The pivot partitions the array into two parts: one of size $0$ and the other of size $n-1$ . This requires $n-1$ units of work.
In the second level, the pivot breaks it into two parts: one of size $0$ and the other of size $n-2$ . This requires $n-2$ units of work.
In the third level, the pivot breaks it into two parts: one of size $0$ and the other of size $n-3$ . This requires $n-3$ units of work.
…
In the last level, the pivot breaks a partition of size $2$ into two parts: one of size $0$ and the other of size $1$ . This requires a single unit of work.

Thus, the total amount of work is determined by the summation:

$\sum_{i=1}^{n} i = \frac{1}{2} n (n-1) \; \in \; O(n^2)$

Therefore, the worst case running time of Quicksort is $O(n^2)$ .

This visualisation explains the worst-case running time of Quicksort

This is terrible, no better than Insertion or Selection sort. When will this worst case occur? Only when each pivot yields a bad partitioning of the array. If the pivot values are selected at random, then this is extremely unlikely to happen. When selecting the middle position of the current subarray, it is still unlikely to happen. It does not take many good partitionings for Quicksort to work fairly well.

Best-case complexity

Here is an explanation of the best-case running time of Quicksort:

The pivot partitions the array into two halves of size $n/2$ each. This requires $O(n)$ amount of work.
For each of the two partitions, the pivot breaks it into halves of size $n/4$ each. This requires $O(n)$ amount of work.
For each of the four partitions, the pivot breaks it into halves of size $n/8$ each. This requires $O(n)$ amount of work.
…
In the last level, we reach $n$ partitions each of size $1$ . This requires $O(n)$ amount of work.

Thus, at each level, all partition steps for that level do a total of $O(n)$ work. And if we always can find the perfect pivot, there will be only $\log n$ levels. So the best-case running time of Quicksort is $O(n \log n)$ .

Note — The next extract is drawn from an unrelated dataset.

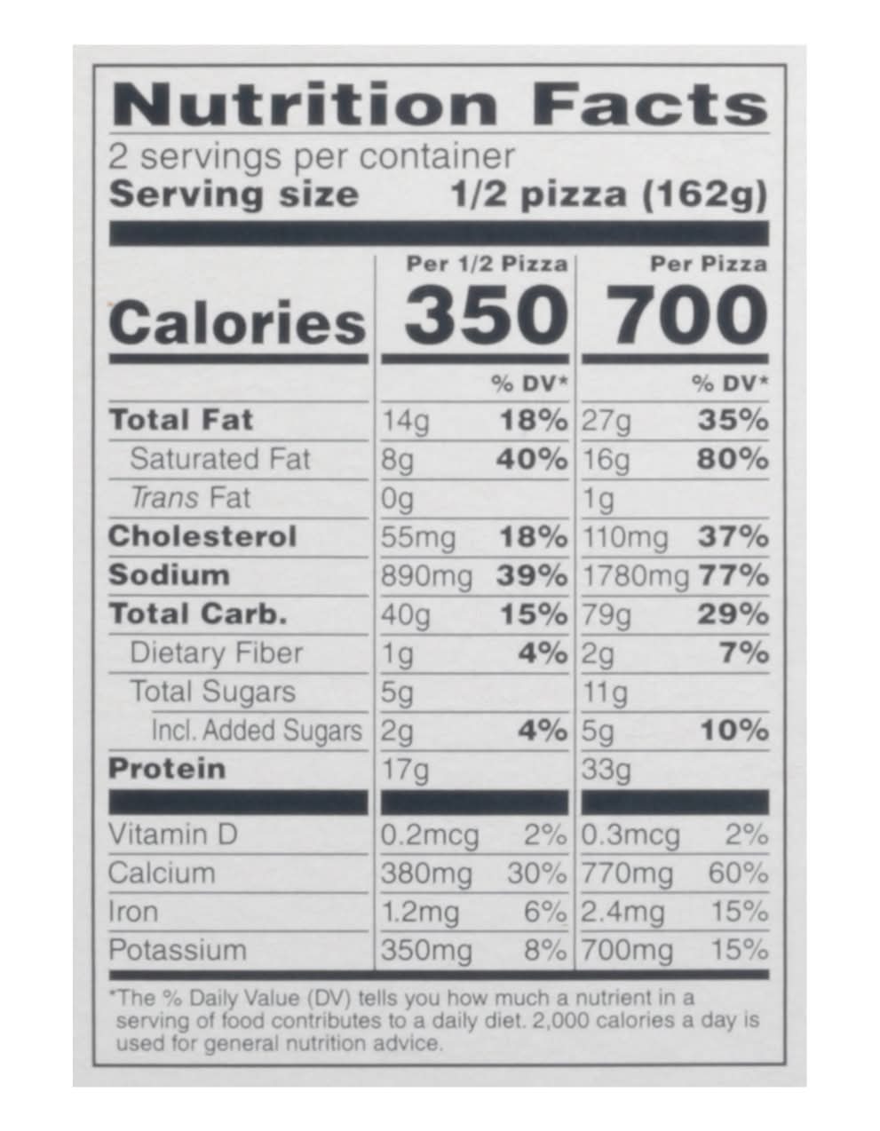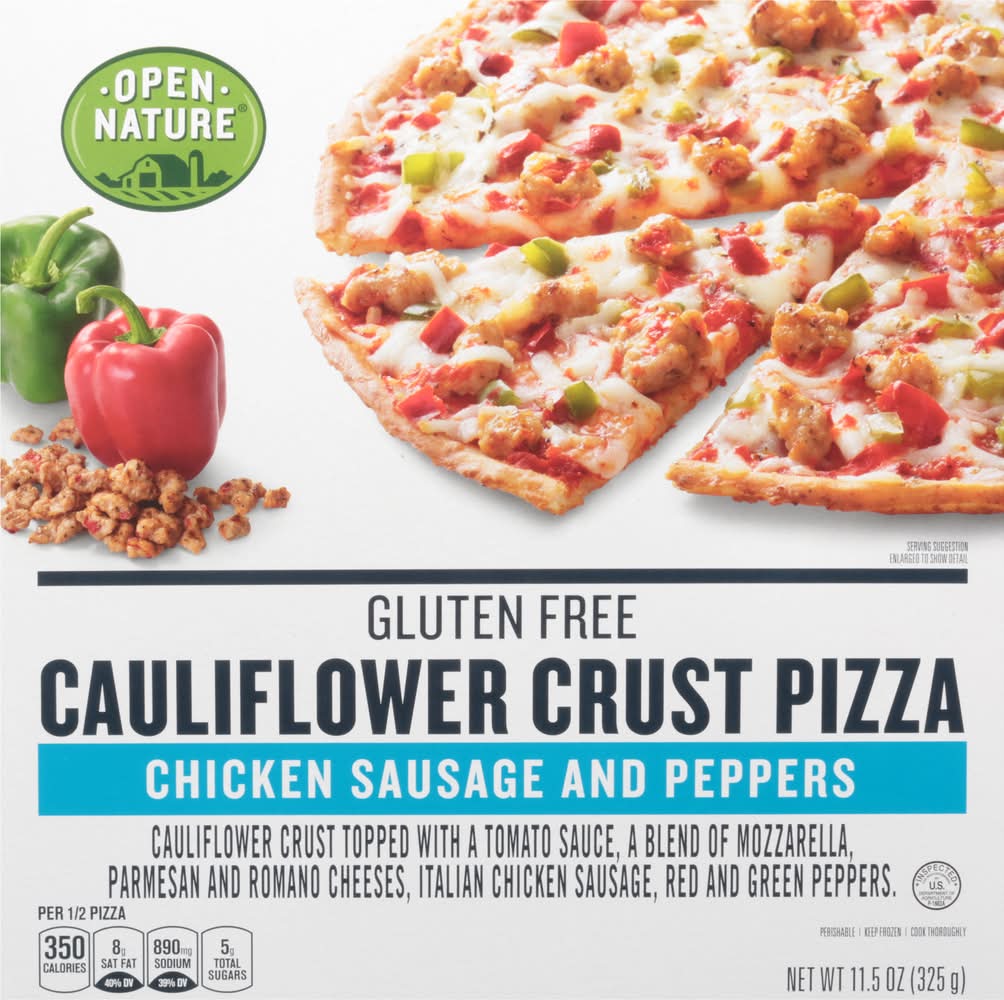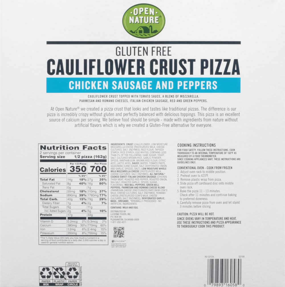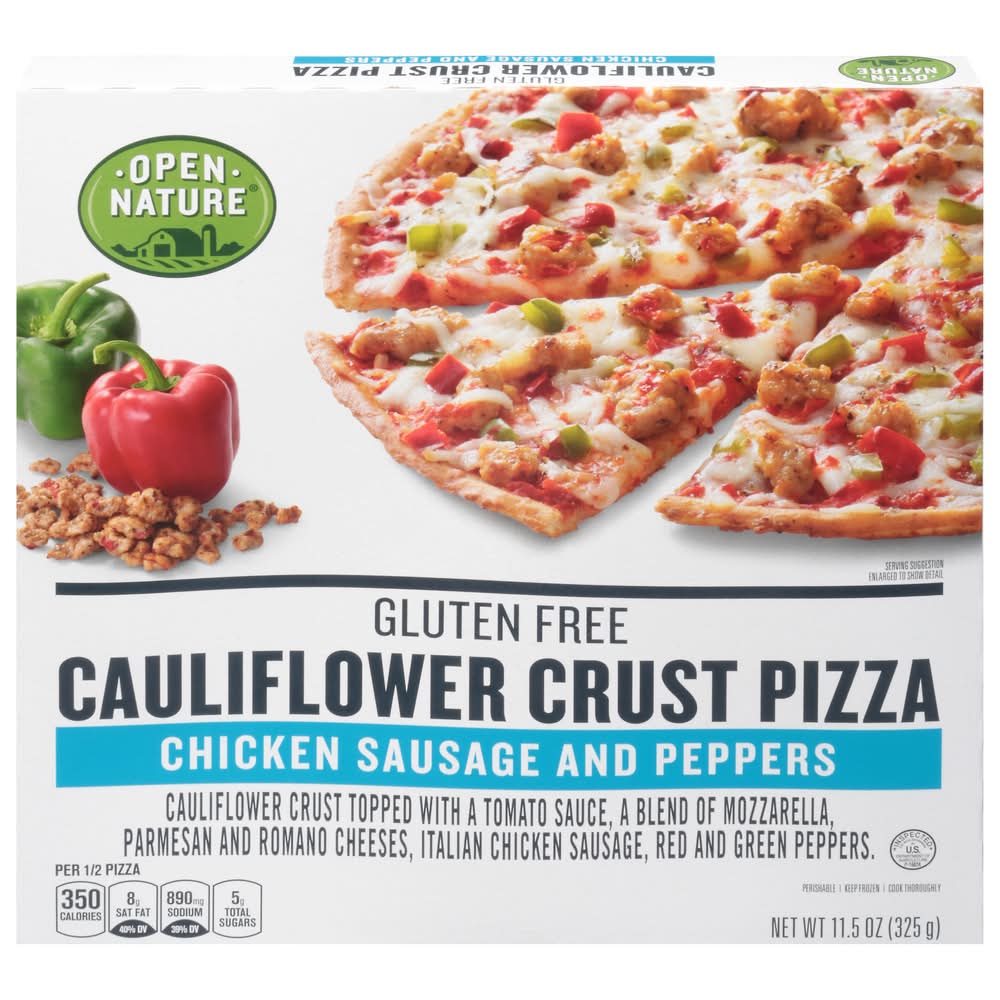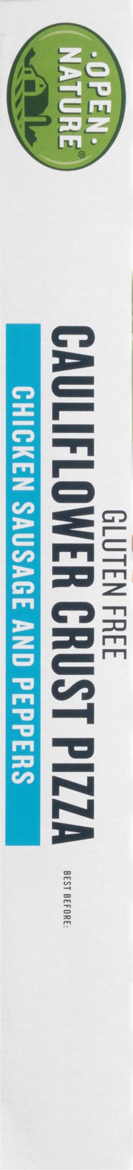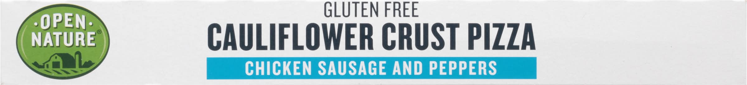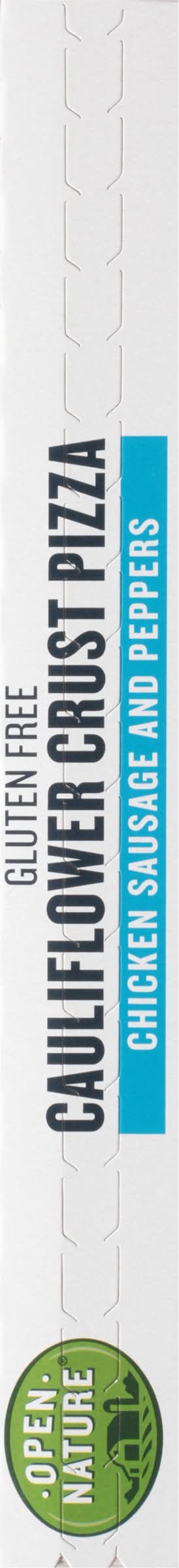 Cauliflower crust topped with tomato sauce, a blend of mozzarella, parmesan and Romano cheeses, Italian chicken sausage, red and green peppers. Per 1/2 Pizza: 350 calories; 8 g sat fat (40% DV); 890 mg sodium (39% DV); 5 g total sugars. Gluten free. At Open Nature we created a pizza crust that looks and tastes like traditional pizzas. The difference is our pizza is incredibly crispy without gluten and perfectly balanced with delicious toppings. This pizza is an excellent source of calcium per serving. We believe food should be simple - made with ingredients from nature without artificial flavors which is why we created a gluten-free alternative for everyone. Inspected for wholesomeness by U.S. Department of Agriculture. how2recycle.info. SmartLabel: Scan for more food information or call 1-877-232-4271. • Flavor: Chicken sausage & peppers • Packaging: Reusable

This visualisation explains the best-case running time of Quicksort

Average-case complexity

Quicksort’s average-case behaviour falls somewhere between the extremes of worst and best case. Average-case analysis considers the cost for all possible arrangements of input, summing the costs and dividing by the number of cases. We make one reasonable simplifying assumption: At each partition step, the pivot is equally likely to end in any position in the (sorted) array. In other words, the pivot is equally likely to break an array into partitions of sizes 0 and $n-1$ , or 1 and $n-2$ , and so on. Given this assumption, the average-case cost is computed from the following equation:

$\begin{align*} T(n) &= cn + \frac{1}{n}\sum_{k=0}^{n-1}[T(k) + T(n - 1 - k)] \\ T(0) = T(1) &= c \end{align*}$

This visualisation will help you to understand how this recurrence relation was formed.

This is an unusual situation that the average case cost and the worst case cost have asymptotically different growth rates. Consider what “average case” actually means. We compute an average cost for inputs of size $n$ by summing up for every possible input of size $n$ the product of the running time cost of that input times the probability that that input will occur. To simplify things, we assumed that every permutation is equally likely to occur. Thus, finding the average means summing up the cost for every permutation and dividing by the number of permutations (which is $n!$ ). We know that some of these $n!$ inputs cost $O(n^2)$ . But the sum of all the permutation costs has to be $(n!)(O(n \log n))$ . Given the extremely high cost of the worst inputs, there must be very few of them. In fact, there cannot be a constant fraction of the inputs with cost $O(n^2)$ . If even, say, 1% of the inputs have cost $O(n^2)$ , this would lead to an average cost of $O(n^2)$ . Thus, as $n$ grows, the fraction of inputs with high cost must be going toward a limit of zero. We can conclude that Quicksort will run fast if we can avoid those very few bad input permutations. This is why picking a good pivot is so important.